I required physical therapy several times a week, weekly parent teacher conferences, and unlimited attention. I sucked every bit of energy out of my mother that I could. I came to believe so desperately that we were in it together that I resented her for not being the one wearing the fixator. I accused her of being able to escape the nightmare, when I couldn’t.
There were so many nights that I was unable to sleep, that she programmed our phone to work as a walkie-talkie. I would call her, sometimes crying into the phone until she heard me, other times yelling into the phone like an angsty drill sergeant. She came into my room every time, eyes half shut. If I needed the rice sock for pain, she went downstairs and microwaved it. When it got cold, she reheated it. She rubbed my feet until I fell asleep. When I woke up, I nudged her and she did it again. Some nights I woke her up three times, like a newborn. She was back to that level of exhaustion, of constantly being needed. Only now, she had a strung-out thirteen year old capable of inducing guilt, using profanity, and pushing her away.
We went on like this for four months. Four months that she woke up to feed me, took me to physical therapy, left me as I wept and begged her not to go, worked until I paged her, came home to check on me, went back to work, came home to make dinner, finished the work she had left to do, and finally went to sleep. Then either I or a patient in labor would call her.

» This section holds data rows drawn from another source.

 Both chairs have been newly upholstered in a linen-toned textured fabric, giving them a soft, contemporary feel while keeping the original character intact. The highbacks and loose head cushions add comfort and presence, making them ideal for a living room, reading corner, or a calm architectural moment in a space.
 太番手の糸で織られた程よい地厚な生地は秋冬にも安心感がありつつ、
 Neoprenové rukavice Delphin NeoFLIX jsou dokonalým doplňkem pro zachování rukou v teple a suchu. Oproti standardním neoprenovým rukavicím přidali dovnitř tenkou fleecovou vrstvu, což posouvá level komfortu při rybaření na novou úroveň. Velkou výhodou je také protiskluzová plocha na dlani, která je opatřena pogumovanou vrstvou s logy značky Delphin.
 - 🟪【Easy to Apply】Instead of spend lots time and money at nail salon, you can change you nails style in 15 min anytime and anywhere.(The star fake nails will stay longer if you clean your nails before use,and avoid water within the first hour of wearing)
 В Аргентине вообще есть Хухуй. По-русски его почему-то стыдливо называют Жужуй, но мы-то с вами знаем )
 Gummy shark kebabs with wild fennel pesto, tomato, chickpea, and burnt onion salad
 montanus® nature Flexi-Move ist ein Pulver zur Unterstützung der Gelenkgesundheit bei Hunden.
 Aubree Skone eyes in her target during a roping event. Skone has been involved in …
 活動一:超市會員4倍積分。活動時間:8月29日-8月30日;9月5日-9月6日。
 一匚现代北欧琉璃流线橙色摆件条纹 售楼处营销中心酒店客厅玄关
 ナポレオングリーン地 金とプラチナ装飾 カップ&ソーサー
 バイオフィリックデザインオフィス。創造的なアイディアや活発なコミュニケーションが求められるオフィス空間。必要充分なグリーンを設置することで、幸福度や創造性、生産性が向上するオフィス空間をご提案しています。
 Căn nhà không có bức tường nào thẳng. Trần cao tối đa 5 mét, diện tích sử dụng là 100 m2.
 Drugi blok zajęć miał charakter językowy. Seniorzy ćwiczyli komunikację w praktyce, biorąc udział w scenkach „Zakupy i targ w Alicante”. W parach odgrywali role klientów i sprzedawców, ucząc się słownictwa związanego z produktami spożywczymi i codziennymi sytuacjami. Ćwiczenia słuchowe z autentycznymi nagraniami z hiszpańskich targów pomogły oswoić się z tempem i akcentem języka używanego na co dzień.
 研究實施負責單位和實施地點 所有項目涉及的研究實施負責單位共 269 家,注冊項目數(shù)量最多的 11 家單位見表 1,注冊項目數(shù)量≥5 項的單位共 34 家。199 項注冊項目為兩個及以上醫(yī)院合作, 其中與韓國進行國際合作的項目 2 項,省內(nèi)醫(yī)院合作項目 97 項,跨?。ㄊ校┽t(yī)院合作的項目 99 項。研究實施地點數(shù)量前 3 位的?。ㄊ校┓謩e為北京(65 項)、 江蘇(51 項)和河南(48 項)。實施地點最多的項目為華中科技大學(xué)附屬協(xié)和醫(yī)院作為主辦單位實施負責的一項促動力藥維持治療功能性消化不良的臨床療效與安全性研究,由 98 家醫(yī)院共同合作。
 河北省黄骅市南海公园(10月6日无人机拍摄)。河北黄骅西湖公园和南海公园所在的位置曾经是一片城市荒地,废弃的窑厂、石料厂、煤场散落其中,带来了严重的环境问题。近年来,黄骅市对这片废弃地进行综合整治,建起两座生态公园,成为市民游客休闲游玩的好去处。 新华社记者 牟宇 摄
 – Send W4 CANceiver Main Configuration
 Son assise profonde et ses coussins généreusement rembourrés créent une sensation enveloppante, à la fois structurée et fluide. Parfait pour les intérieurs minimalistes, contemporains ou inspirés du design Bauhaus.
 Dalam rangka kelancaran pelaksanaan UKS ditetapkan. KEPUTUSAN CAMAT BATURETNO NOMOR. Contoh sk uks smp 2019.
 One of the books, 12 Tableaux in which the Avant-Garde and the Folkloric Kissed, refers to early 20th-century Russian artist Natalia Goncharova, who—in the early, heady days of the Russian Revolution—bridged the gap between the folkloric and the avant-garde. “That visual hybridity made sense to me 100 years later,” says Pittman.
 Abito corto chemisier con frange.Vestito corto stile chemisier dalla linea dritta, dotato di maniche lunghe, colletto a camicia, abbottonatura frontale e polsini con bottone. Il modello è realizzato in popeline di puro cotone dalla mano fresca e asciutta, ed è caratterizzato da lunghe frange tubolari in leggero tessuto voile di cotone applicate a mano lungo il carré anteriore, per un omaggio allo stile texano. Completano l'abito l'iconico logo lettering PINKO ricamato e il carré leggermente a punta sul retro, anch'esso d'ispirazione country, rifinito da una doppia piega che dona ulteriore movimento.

A mother’s resilience is unlike anything I am capable of understanding. Perhaps it is because I am not yet a mother. The fortitude to feel such desperate, raw exhaustion and pain and move through it gracefully seems to be innate in these women. They make it seem as if it isn’t a choice, but I know that it is. I know in my heart that when that cordless phone lit up lime green for the third time in a night, she must have considered smothering it or yelling into it, “I can’t do this anymore.”
But she didn’t. As cruel as I was at times, as unfair, as simultaneously needy and standoffish, she was my constant. She held me together when I couldn’t see the future anymore and every day passed by like the last.
It ended. We celebrated. I began to become a thirteen year old again, and a month later, a fourteen year old. I started talking about boys again, and wanting to be with my friends, and not wanting to be with her.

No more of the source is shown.